What the task requires:
Copy nothing but the lines running from the one containing "так гласит восточная" through the end of the listing below. Drop the pictures.
· · · ·
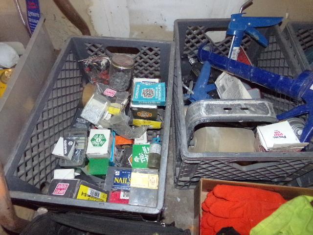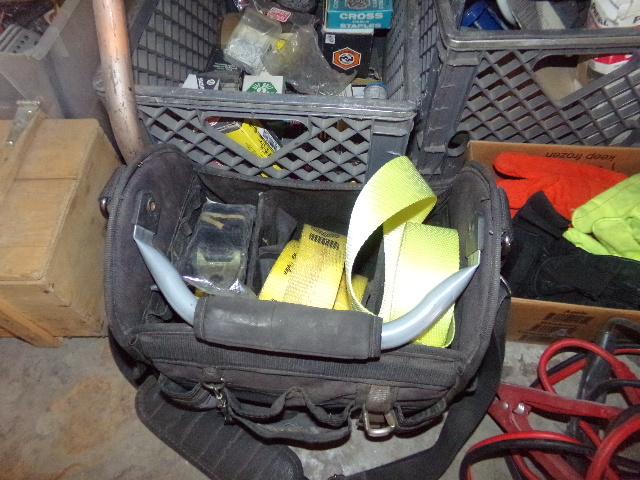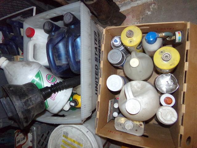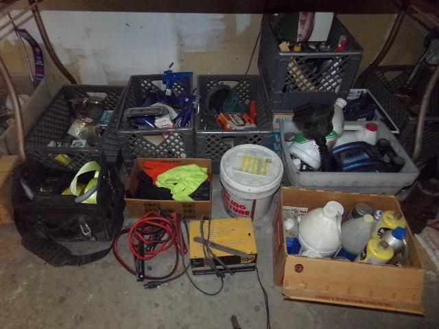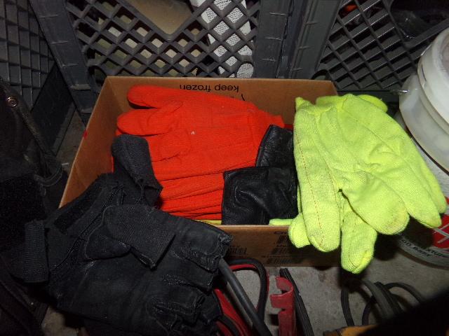 NUMEROUS ITEMS (CLEANING CHEMICALS, JUMPER CABLES, GLOVES)
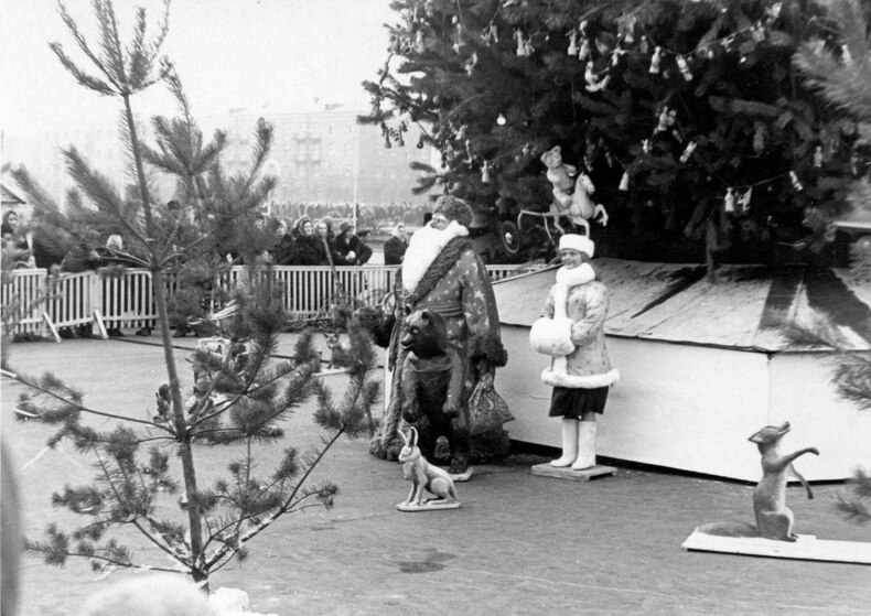 На фото тих років видно прикрашені ялинки, тодішніх святкових героїв Діда Мороза та Снігуроньку, масові гуляння, дітей і родин на центральних майданчиках міста.
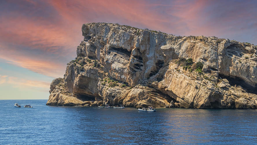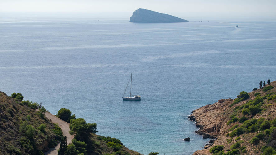 Just three kilometres separate Benidorm Island from the bustling coast, but that’s enough to make it seem like another world. With its triangular shape and rugged profile, this small piece of land covering just seven hectares rises like a natural fortress in the middle of the Mediterranean. Its origins date back to the Baetic System, and while there’s no consensus as to whether it is a volcanic remnant or a marine fault, the result is equally fascinating: cliffs plunging into the water, golden rocks dotted with lichens and a landscape that invites contemplation.
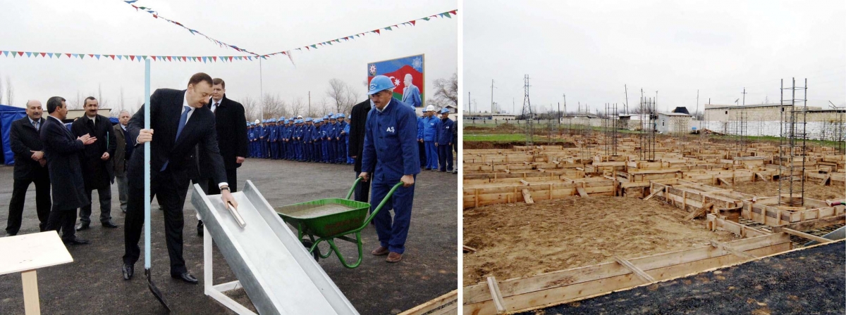 Sonra dövlətimizin başçısı tikintidə çalışan fəhlələrə yaxınlaşıb söhbət etdi, onlara yaradılmış şəraitlə maraqlandı, işlərində uğurlar arzuladı. Məlumat verildi ki, burada 120-dən çox fəhlə işləyir, ayda 200 manatdan çox maaş alırlar.
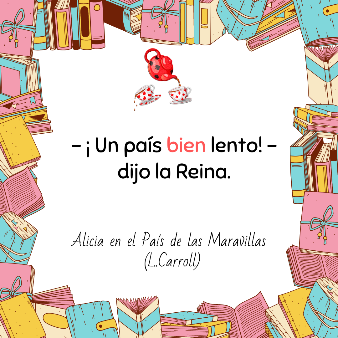 Одна из моих любимых книг на испанском языке - это "Алиса в стране чудес". Кладезь лексики и курьезных лингвистических моментов. Любимую цитату пришлось разбить на части, чтобы сделать акцент на хорошем и всем известном слове bien. Одно из первых, которое я в выучила в Испании. Однако здесь оно имеет другое значение. Bien может делать акцент и переводиться как "очень" (muy) Ставится перед прилагательным или наречием. - bien tarde (очень поздно) - bien rico (очень богатый) - bien lento (очень медленный) ♥ Перевод фразы (офиц.): Какая медленная у тебя страна, – фыркнула Королева.
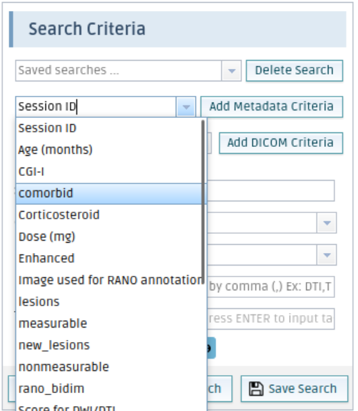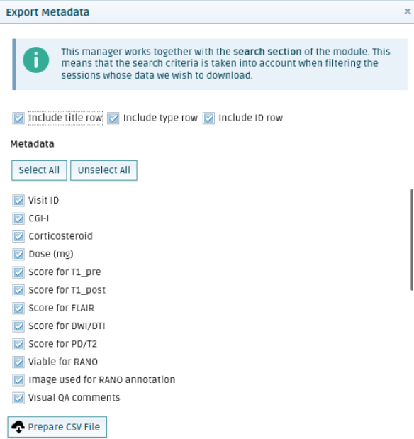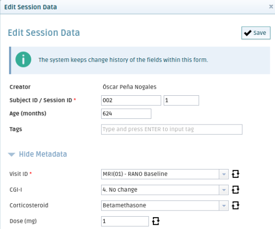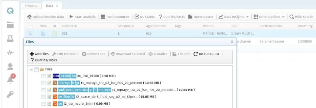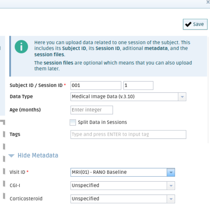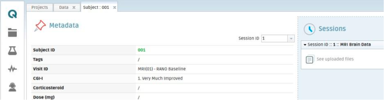 Metadata: Numerical and qualitative data associated with a Subject ID/Session ID in a project in QMENTA Platform(e.g., visit date, clinical scores, corticosteroid, etc…).
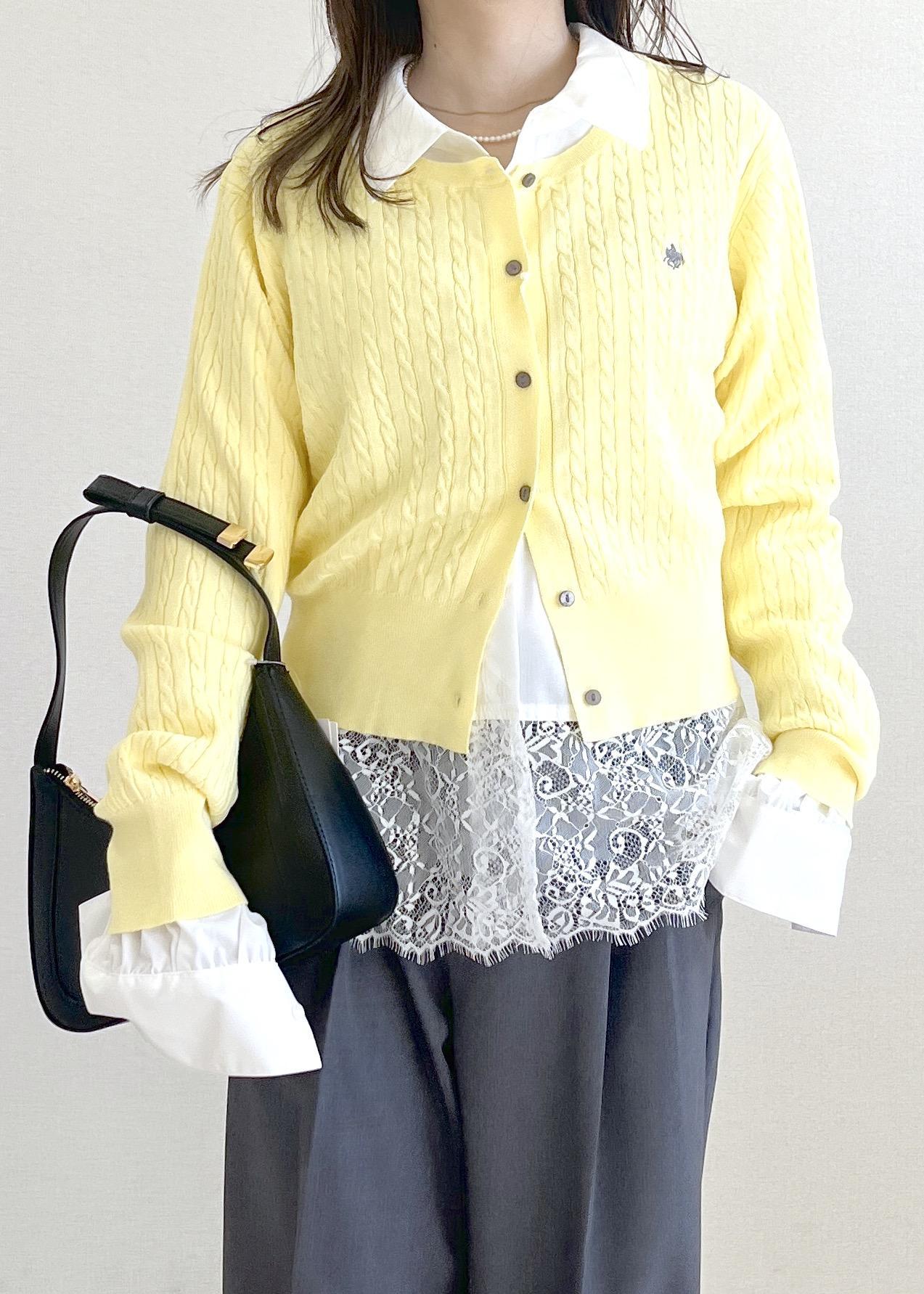 2BUY10%OFFVIS【POLO BCS】VIS別注ミニケーブルノーカラーカーディガンイエロー / F¥6,930レビューサイズ感はぴったりめですが、体のラインは出にくいです。
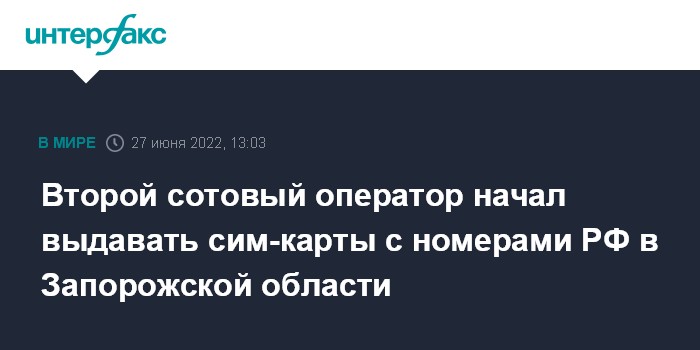 Москва. 27 июня. INTERFAX.RU - Второй оператор сотовой связи - "Мир Телеком" - начал продавать сим-карты с российскими номерами в Запорожской области, сообщили во временной администрации Мелитополя.
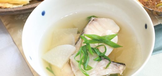 - ③が沸いたら、アクを取り、白だしを加えて、塩で味を整える。
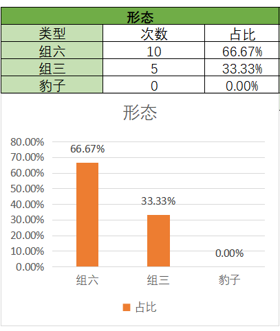 上期开的是组六,各个类型占比没有变化。通过图示可以看到,组六在15期内开了10期,组三开了5期。本期关注组六,防组三。
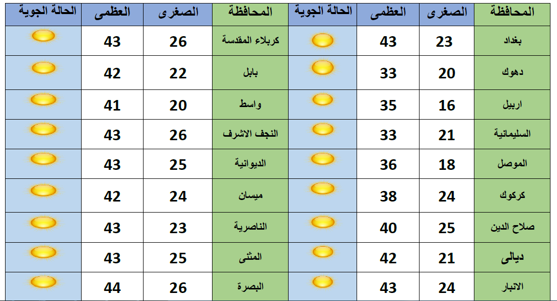وذكر بيان للأنواء الجوية ان "طقس يوم غد الأربعاء، سيكون صحواً في المناطق الوسطى والشمالية والجنوبية فيما يكون طقس الخميس، صحواً مع بعض الغيوم" مشيرة الى ان "درجات الحرارة العظمى ستكون في بغداد 43 مْ وفي البصرة 44 مْ".
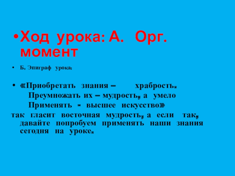 так гласит восточная мудрость, а если так, давайте попробуем применять наши знания сегодня на уроке.
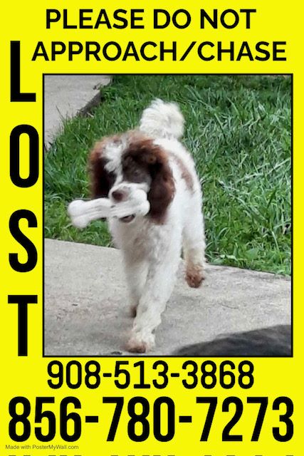 Pet Description:White poodle mix with brown spots wearing a light purple harness, dog is a rescue/foster and scared but non-aggressive and chipped |
· · · ·
Task response:
 так гласит восточная мудрость, а если так, давайте попробуем применять наши знания сегодня на уроке.
 Pet Description:White poodle mix with brown spots wearing a light purple harness, dog is a rescue/foster and scared but non-aggressive and chipped |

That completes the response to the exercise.